Wir erfahren vom Historiker, wie die Stahlkasten-Brücken der eingleisigen Strecke 1881 erbaut wurden. Beim Bau des zweiten Geleises zwischen 1890 und 1896 waren im Brückenbau bereits Fortschritte zu verzeichnen. Wir vernehmen, welche Vorteile die neuen Brücken aufwiesen, und wobei sie sich von der ersten Generation unterschieden. Wir hören weiter, weshalb nach 1905 die Kastenbrücken verstärkt werden mussten und weshalb nicht alle diesen charakteristischen „Fischbauch“ erhielten. Ein nächster Schnitt erfolgte nach 1921, bedingt durch die Elektrifizierung. Der Referent wird uns aufzeigen, weshalb einige Brücken bereits damals durch Betonbrücken ersetzt wurden. Er wird uns weiter erklären, weshalb mit der Modernisierung der Gotthardstrecke in den 50er Jahren, auch ein Ersatz der Stahlbrücken durch mit Granitsteinen verkleidete Betonbrücken einherging. Die Erklärung, weshalb trotz dieser Modernisierung einige Brücken erst viel später umgebaut wurden, wird ein weiterer Inhalt sein.
Ein eigenes geschichtliches Kapitel wird den inzwischen verschrotteten Kriegsbrücken der SBB gewidmet sein. In einem zweiten Referat erläutert uns Peter Witschonke, welche Aufgaben und Probleme heute im Bereich der Gotthard-Bergstrecke bei seiner Fachstelle anstehen und wie sie bewältigt werden. Am Nachmittag laden uns die beiden Referenten zu einem spannenden Spaziergang rund um das Areal des Bahnhofs Erstfeld ein. Dabei werden sie uns zeigen, dass der Begriff „Brücke“ im Bereiche der Bahn unerwartet weit aufgefasst werden kann. So werden wir neben den Unterführungen auch die Schiebebühne, die Drehscheibe, die Passerelle und die letzte noch vorhandene Kriegsbrücke besuchen und vor Ort ihre Konstruktionsweise bewundern können. Nach der Besammlung beim Güterschuppen beginnen wir unseren Rundgang nach einer kurzen Fahrt im „Extrazug“, in den Südkopf des Bahnhofs Erstfeld, bei der Kriegsbrücke. Die Kriegsbrücke 39 ist die einzige noch vorhandene Zeugin dieses Notbrücken-Typs und diente während des Baues des neuen Kraftwerkes Amsteg und dem Zwischenangriff Amsteg der NEAT, als Reuss-Brücke der Zufahrtsstrecke.

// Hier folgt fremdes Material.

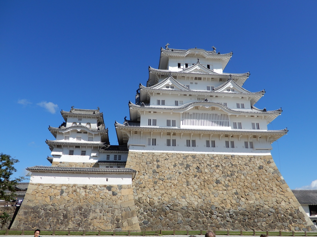 壮麗な姫路城の天守群がこの備前丸(本丸)にあります。天守群は少し離れた場所から眺める方がその美しさを堪能できるのですが、この本丸から見上げる大天守には圧倒的な迫力を感じます。備前丸南端のベンチに座ってゆっくり見上げていましたが、たびたび写真撮影を頼まれました。喜んで引き受けましたよ。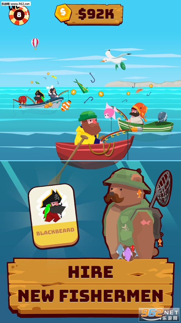 《渔民帝国安卓版》这是一款放置玩法的钓鱼模拟手游。玩家需要点击屏幕,即可控制渔夫钓鱼。而且收集的金币,可以解锁更加强力的装备和渔夫。游戏上手容易,感兴趣的玩家可以下载体验!

Das Zufahrtsgleis wurde inzwischen zurückgebaut, aber die letzte Kriegsbrücke 39 wird erhalten bleiben und zukünftig Fussgängern und Radfahrern als Übergang über die Reuss dienen. Gemeinsam mit Behörden und Bevölkerung erleben wir in einem kurzen Festakt die Übergabe der Kriegsbrücke an die Öffentlichkeit. Anschliessend setzen wir mit unseren Referenten unseren Rundgang fort und lassen uns von ihnen zeigen, wie viele Arten von Brücken rund um das Bahn-Areal von Erstfeld, aber auch im Depot-Bereich noch zu finden sind. Zur Bereicherung dieses Rundganges hat sich das Historic-Team Erstfeld wiederum ein paar ganz spezielle Aktionen einfallen lassen.